Windows uses a system known as virtual addressing, in which the mapping from the memory address seen by your program to the actual location in hardware memory is entirely managed by Windows. The result of this is that each process on a 32-bit processor sees 4GB of available memory, irrespective of how much hardware memory you actually have in your computer (on 64-bit processors this number will be greater). This 4GB of memory contains everything that is part of the program, including the executable code, any DLLs loaded by the code, and the contents of all variables used when the program runs. This 4GB of memory is known as the virtual address space or virtual memory. For convenience in this chapter it is referred to simply as memory.

Each memory location in the available 4GB is numbered starting from zero. To access a value stored at a particular location in memory, you need to supply the number that represents that memory location. In any compiled high-level language, including C#, Visual Basic, C++, and Java, the compiler converts human-readable variable names into memory addresses that the processor understands.

Somewhere inside a process's virtual memory is an area known as the stack. The stack stores value data types that are not members of objects. In addition, when you call a method, the stack is used to hold a copy of any parameters passed to the method. To understand how the stack works, you need to understand the importance of variable scope in C#. It is always the case that if a variable a goes into scope before variable b, then b will go out of scope first. Look at this code:

 { int a; // do something { int b; // do something else } } 

First, a gets declared. Then, inside the inner code block, b gets declared. Then the inner code block terminates and b goes out of scope; then a goes out of scope. So, the lifetime of b is entirely contained within the lifetime of a. The idea that you always deallocate variables in the reverse order to how you allocate them is crucial to the way the stack works.
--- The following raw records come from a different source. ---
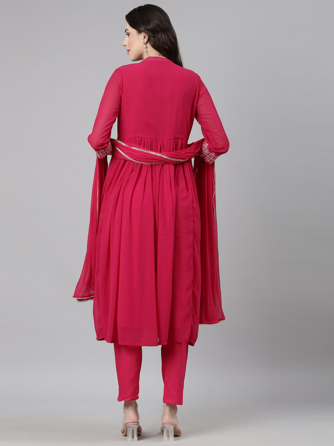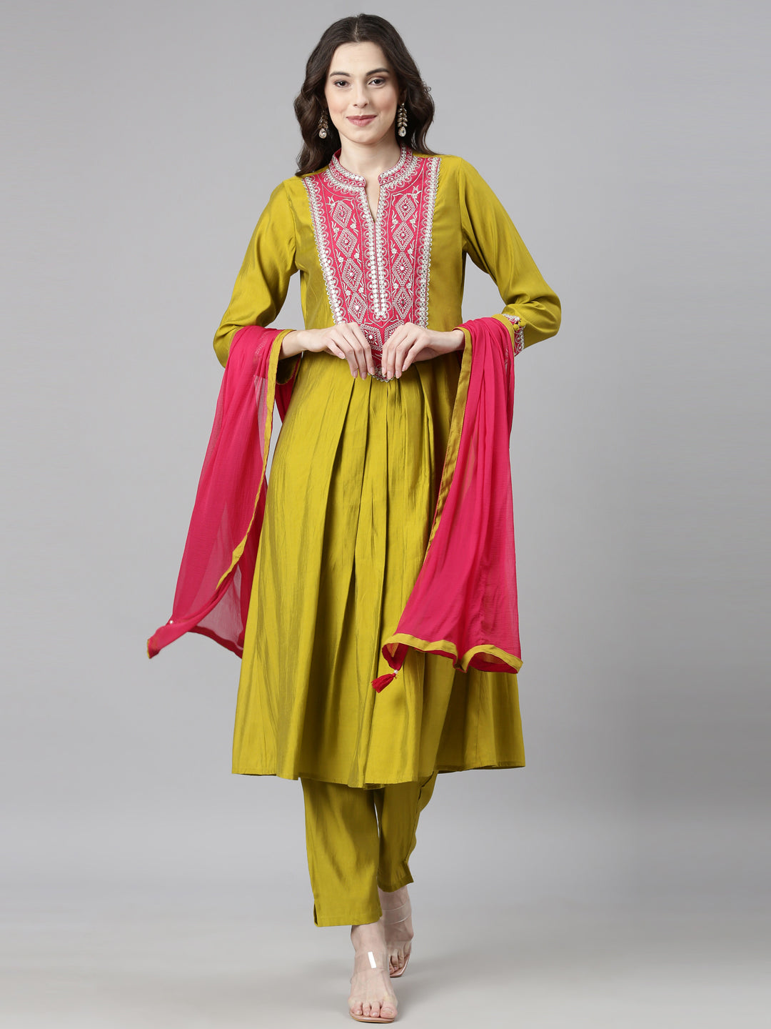 Neeru’s Anarkali Collection features designer Anarkali suits, floor-length Anarkalis, and party wear Anarkalis crafted in luxurious fabrics with intricate embroidery. Perfect for weddings, festive occasions, and celebrations, these traditional Indian outfits blend royal heritage with modern style, making every woman feel effortlessly graceful.
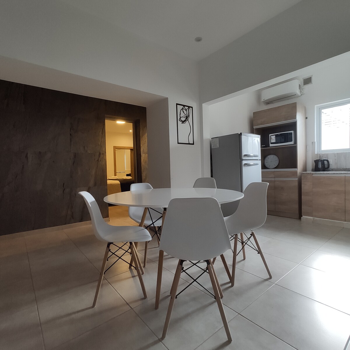 Ampio soggiorno-pranzo con TV con tutti i servizi di streaming. Cucina completamente attrezzata con stoviglie, macchina per il caffè, tostapane e tacchino elettrico. Camera da letto comoda con letto a due piazze e ampio spazio di archiviazione. Letto aggiuntivo per 1 adulto in salotto con possibilità di prolunga letto marino per un bambino(materasso 1.70). Riscaldamento a gas e AA. Ottima posizione: 300 mts Plaza San Martín (casa governativa), 500 mts Calle Bs As (centro commerciale) e 800 mts dalla costa fluviale.
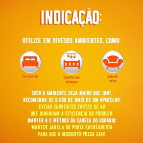 1- Remova a tampa do refil. 2- Insira o refil no aparelho e gire-o para a direita para encaixá-lo. 3- Coloque o aparelho na tomada 127v-220v-10w sempre na posição vertical. Se sua tomada estiver na vertical, gire o plug do aparelho. 4- Mantenha uma porta ou janela entreaberta durante o funcionamento do produto para que os mosquitos possam sair.
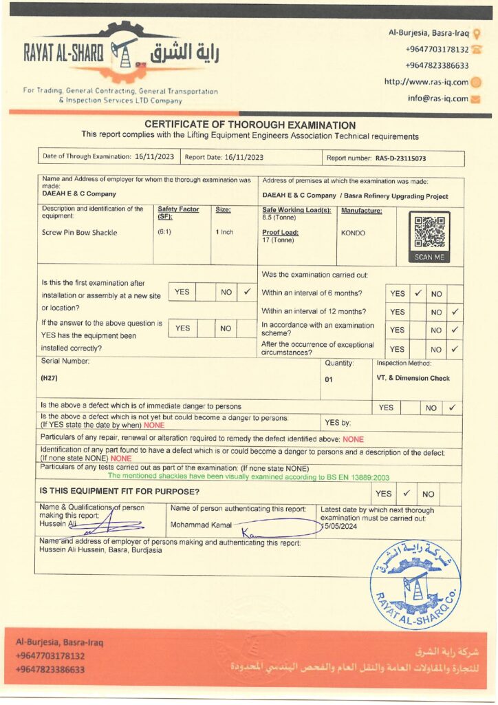 LIFTING INSPECTION
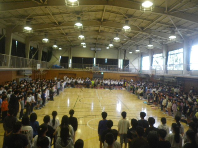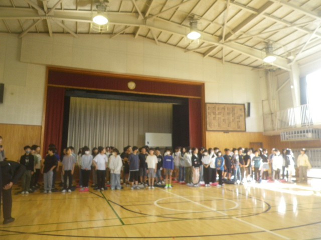 音楽朝会で校歌をうたいました。はじめに6年生が代表で歌い、それから全校児童で歌いました。
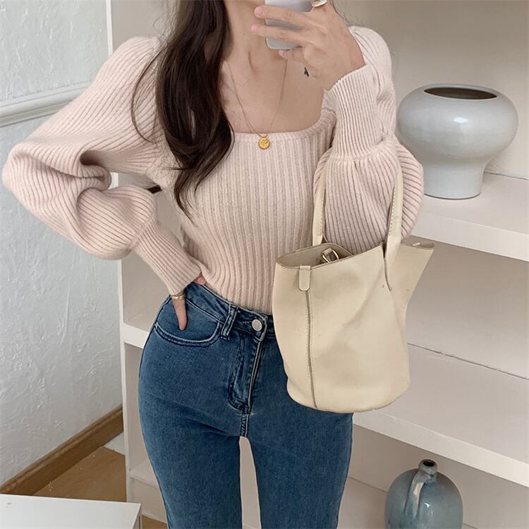 柔らかな雰囲気 スクエアネック レトロ セーター 長袖 秋冬 保温 スリム ニットトップス パフスリーブ
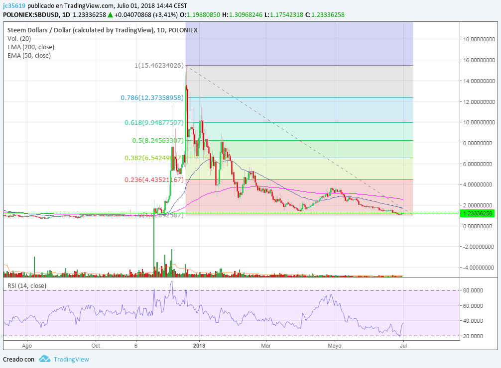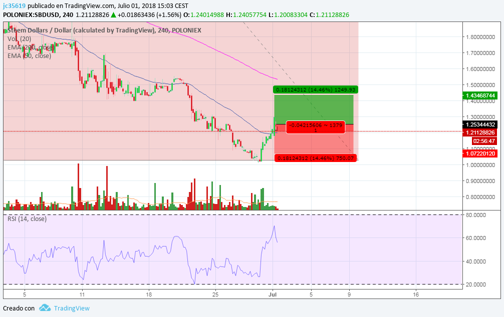 - Caso contrario si el precio cae buscaremos el soporte de los $1 que anterior mente ya lo tocamos.
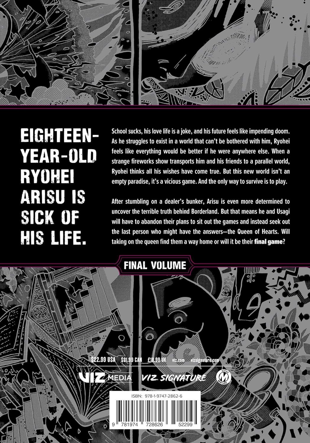After stumbling on a dealer’s bunker, Arisu is even more determined to uncover the terrible truth behind Borderland. But that means he and Usagi will have to abandon their plans to sit out the games and instead seek out the last person who might have the answers—the Queen of Hearts. Will taking on the queen find them a way home, or will it be their final game?
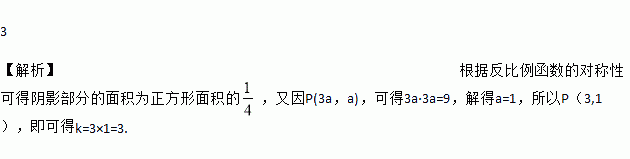 如图,在平面直角坐标系中,正方形的中点在原点O,且正方形的一组对边与x轴平行,点P(3a,a)是反比例函数y= (k>0)的图象与正方形的一个交点.若图中阴影部分的面积等于9,则k=____.
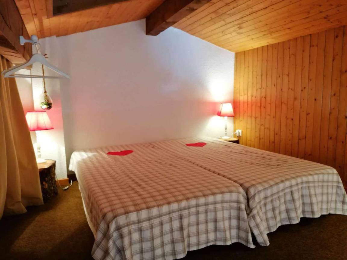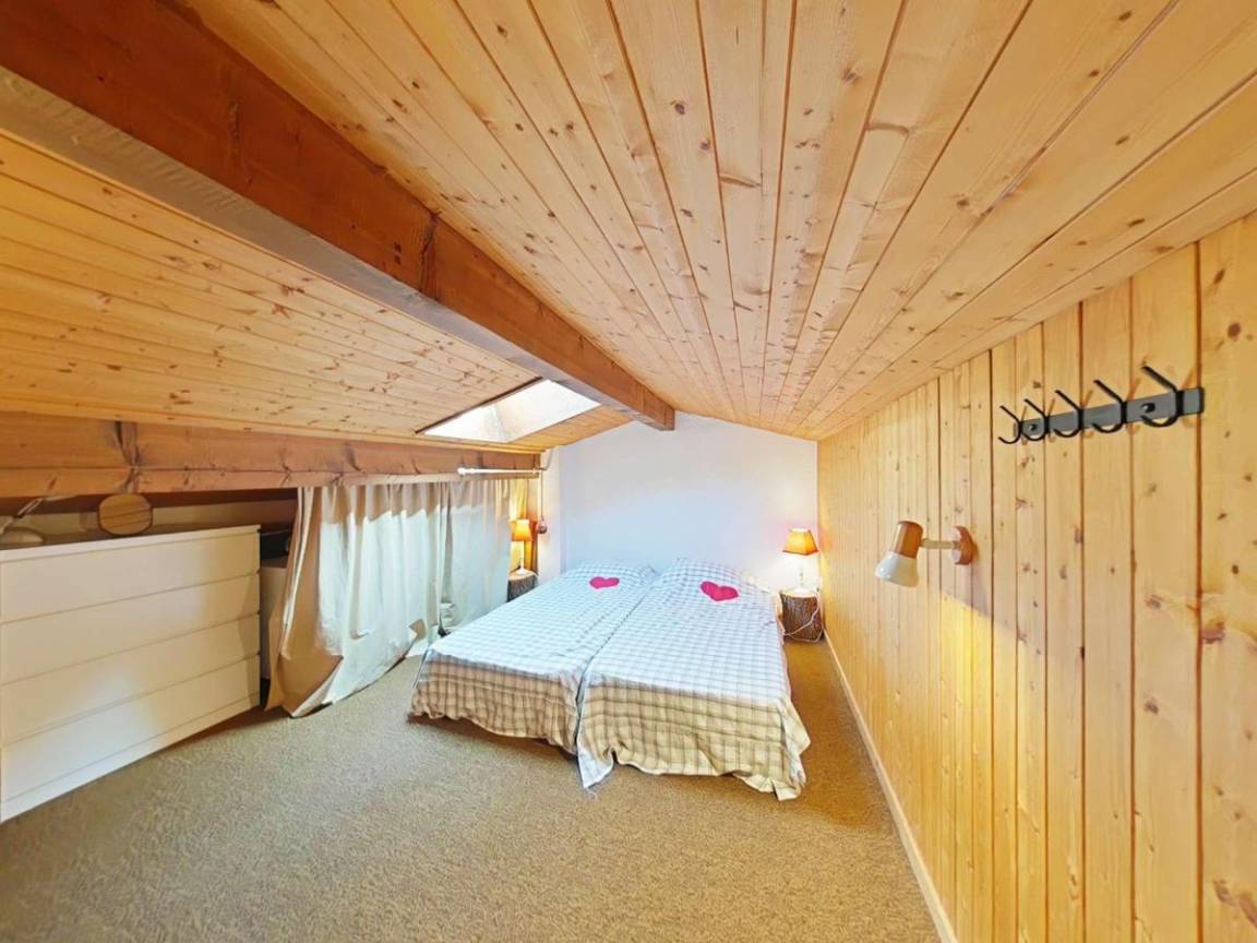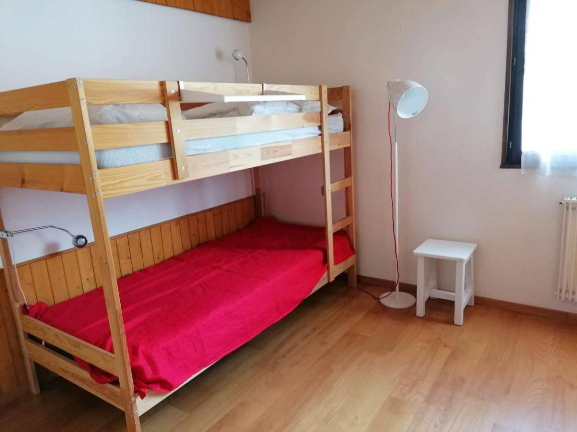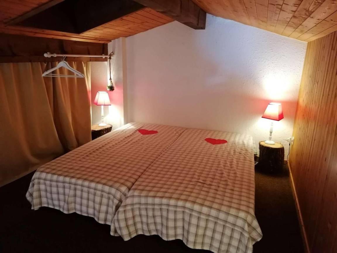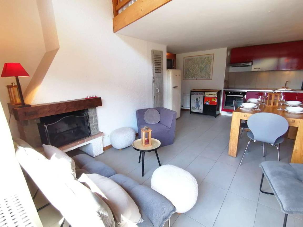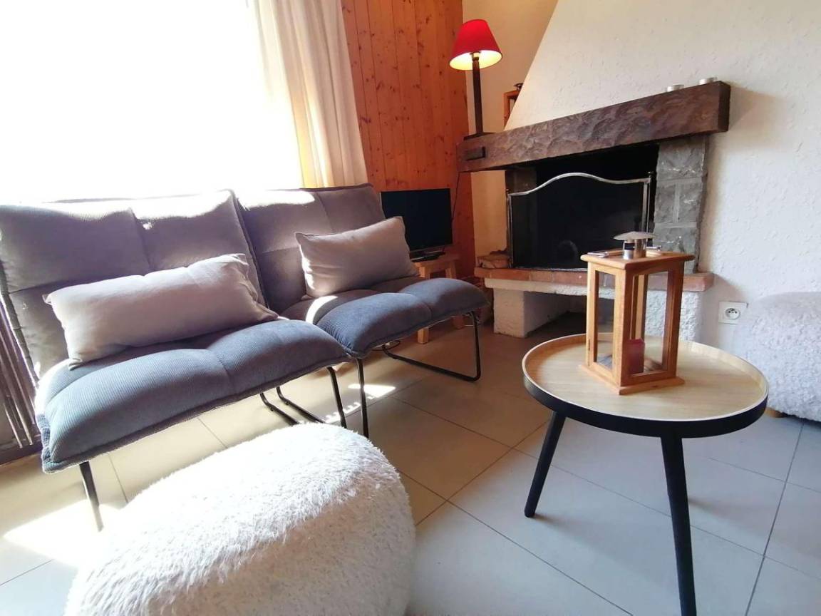 Fläche von ungefähr 72 m². 3te Etage. Orientierung : Süd. Blick berg und Dorf. Wohnzimmer mit Kamin (décorative), Sessel. Schlafzimmer mit Doppelbett (180*200). Schlafzimmer mit Einzelbett, 2 Stockbetten, . Zwischengeschoss mit 2 Einzelbetten. Kochnische mit Wasserkocher, Kaffeemaschine (à filtre), Backofen, Geschirrspülmaschine, Mikrowellenherd, 2 Glaskeramikkochfelder, Kühlschrank. Badezimmer mit Badewanne, Waschmaschine. separates WC. Balkon mit Gartentisch und -stühle. Die oberen Betten sind nicht für Kinder unter 6 Jahren geeignet.
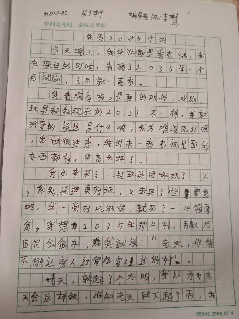 我和2035有个约 热479 类别:叙事 发表时间:2021-09-14 15:46 已有 480 次阅读 指导老师:李慧 所属学校:中牟县平安路学校
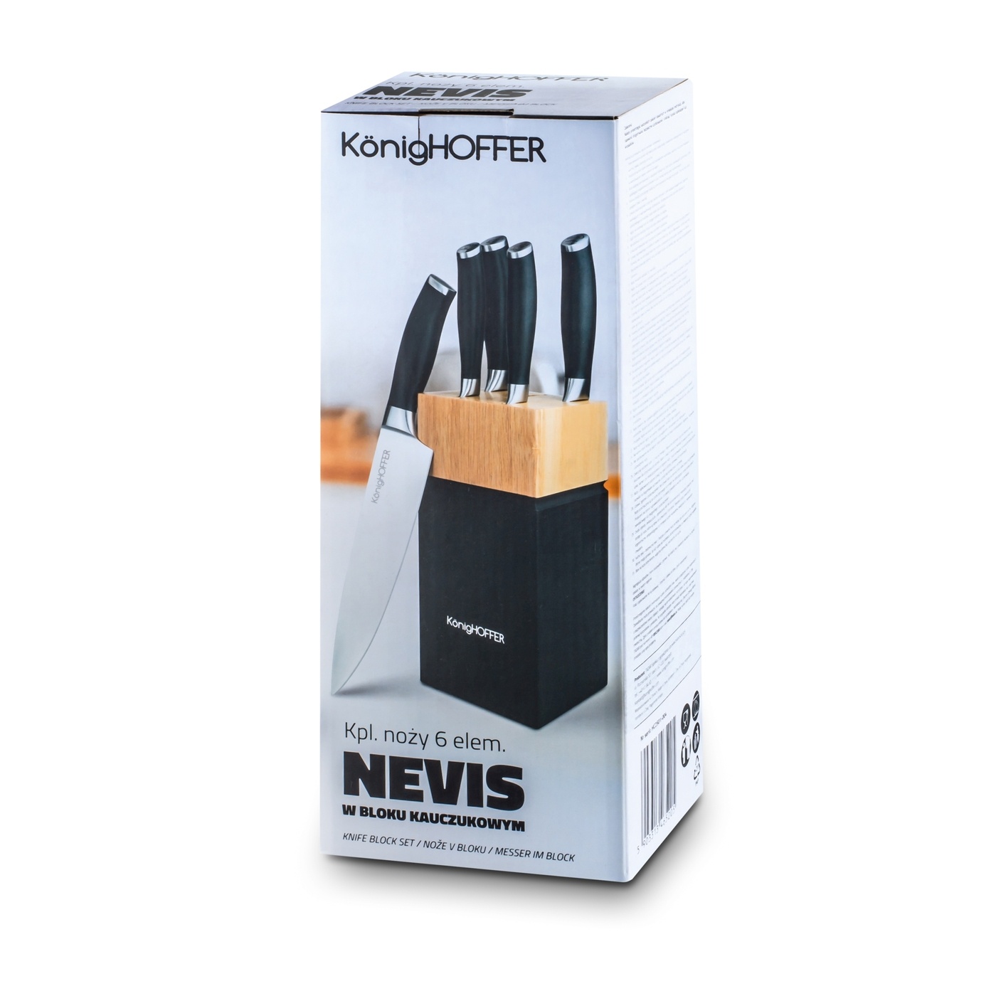 Zestaw noży kuchennych Könighoffer Nevis to komplet zaprojektowany z myślą o codziennych pracach kuchennych. W skład zestawu wchodzi pięć noży o różnym przeznaczeniu oraz stabilny blok wykonany z drewna kauczukowego.

You don't know exactly where in the address space the stack is — you don't need to know for C# development. A stack pointer (a variable maintained by the operating system) identifies the next free location on the stack. When your program first starts running, the stack pointer will point to just past the end of the block of memory that is reserved for the stack. The stack actually fills downward, from high memory addresses to low addresses. As data is put on the stack, the stack pointer is adjusted accordingly, so it always points to just past the next free location. This is illustrated in Figure 7-1, which shows a stack pointer with a value of 800000 (0xC3500 in hex) and the next free location is the address 799999.

image from book
Figure 7-1

The following code instructs the compiler that you need space in memory to store an integer and a double, and these memory locations are referred to as nRacingCars and engineSize. The line that declares each variable indicates the point at which you will start requiring access to this variable, and the closing curly brace of the block in which the variables are declared identifies the point at which both variables go out of scope.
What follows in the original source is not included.